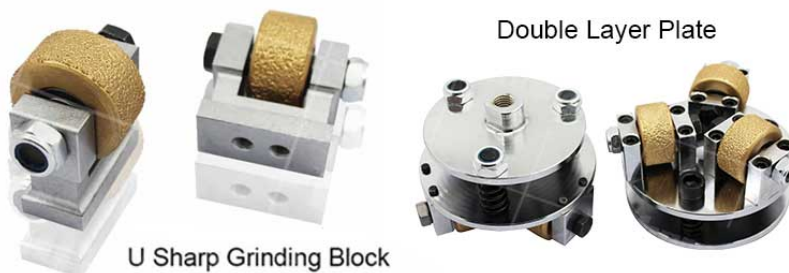
U Sharp Grinding Block
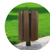
Corbeille BOTANIA p.107
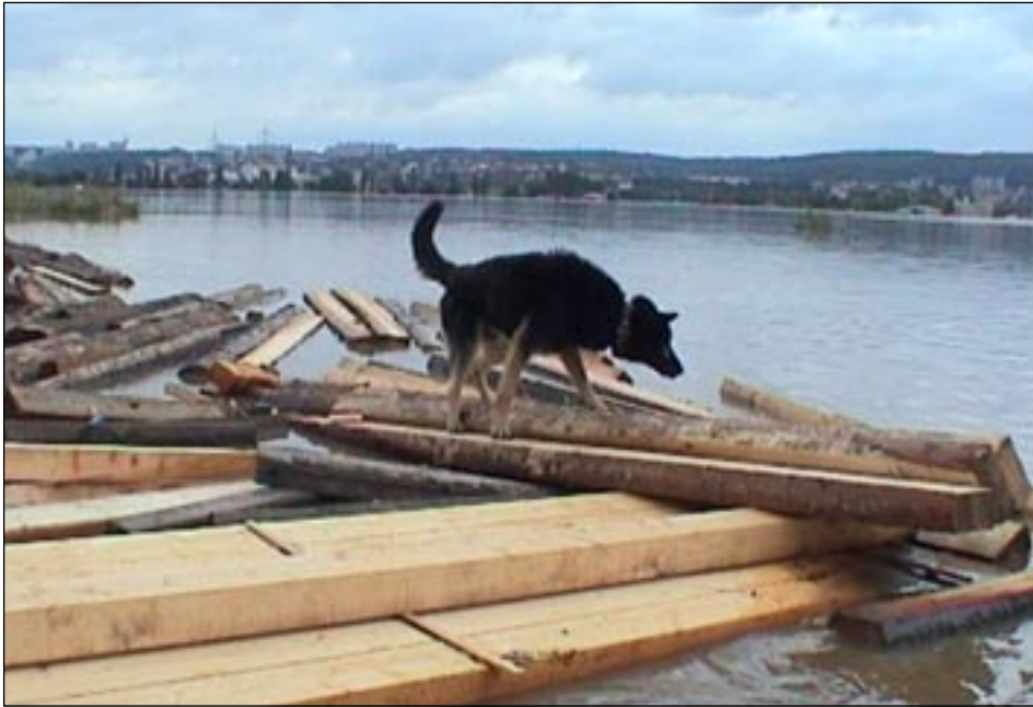
Majetek neochránil ani zámek, ani pes.
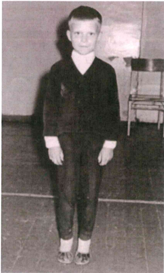
Mine vanaisa esimeses klassis
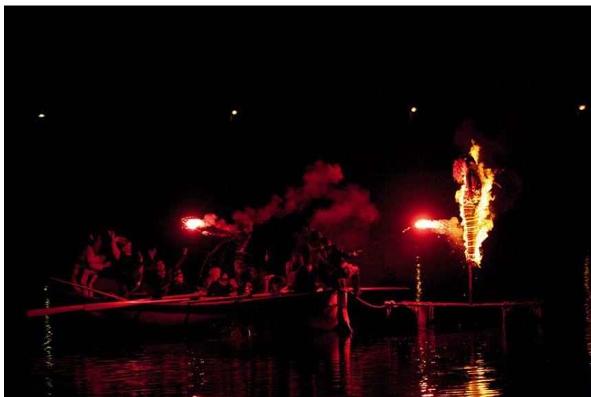
Slika 1: Paljenje pusta na moru
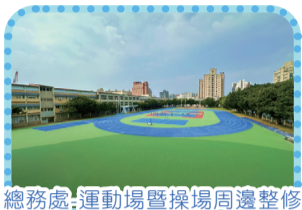
總務處-運動場暨操場周邊整修工程-操場周邊
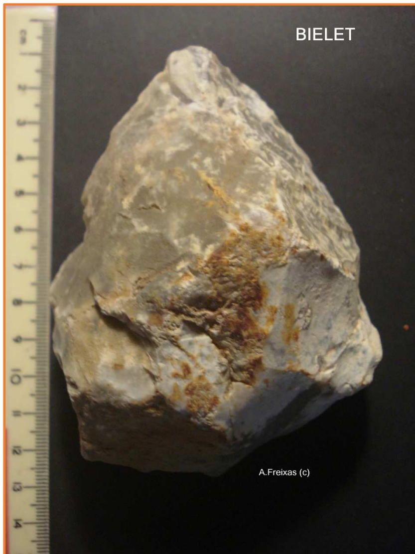
Cara B amb la base reservada i rastres de rella.
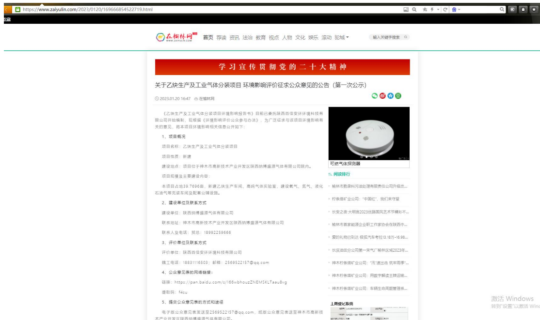
图2.1 首次环境影响评价信息公开截图

我公司于2022年11月10日委托陕西百佳安环环境科技有限公司承担了本项目的环境影响评价工作，于2023年1月12日在当地网站在榆林网站（公示网址： https://www.zaiyulin.com/2023/0120/169666854522719.html ）进行首次环境影响评价信息公开。公开主要内容见下图。
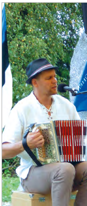
Pilistvere fotod: Memento Teataja kogu
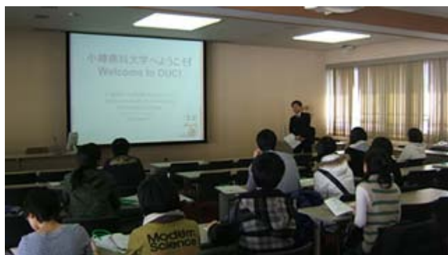
(オリエンテーションの様子)
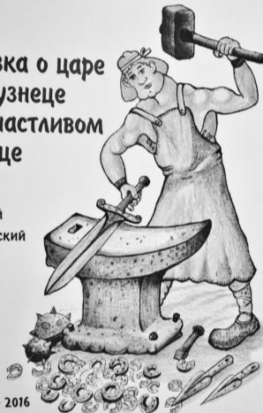
Новое произведение сказочника

новой книги взяли работники районной библиотеки. Сюрпризом для гостей мероприятия и самого автора стала инсценировка школьниками отрывка увлекательного произведения.
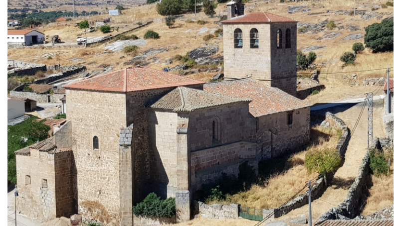
Puente del Congosto. Iglesia de Nuestra Señora de la Asunción

Mesa redonda: Turismo rural y despoblación

--- PROBLEM TO WORK ON ---
Would you write out all of the data exactly as it stands, without the pictures?

--- ANSWER SPACE ---
U Sharp Grinding Block
Corbeille BOTANIA p.107
Majetek neochránil ani zámek, ani pes.
Mine vanaisa esimeses klassis
Slika 1: Paljenje pusta na moru
總務處-運動場暨操場周邊整修工程-操場周邊
Cara B amb la base reservada i rastres de rella.
图2.1 首次环境影响评价信息公开截图

我公司于2022年11月10日委托陕西百佳安环环境科技有限公司承担了本项目的环境影响评价工作，于2023年1月12日在当地网站在榆林网站（公示网址： https://www.zaiyulin.com/2023/0120/169666854522719.html ）进行首次环境影响评价信息公开。公开主要内容见下图。
Pilistvere fotod: Memento Teataja kogu
(オリエンテーションの様子)
Новое произведение сказочника

новой книги взяли работники районной библиотеки. Сюрпризом для гостей мероприятия и самого автора стала инсценировка школьниками отрывка увлекательного произведения.
Puente del Congosto. Iglesia de Nuestra Señora de la Asunción

Mesa redonda: Turismo rural y despoblación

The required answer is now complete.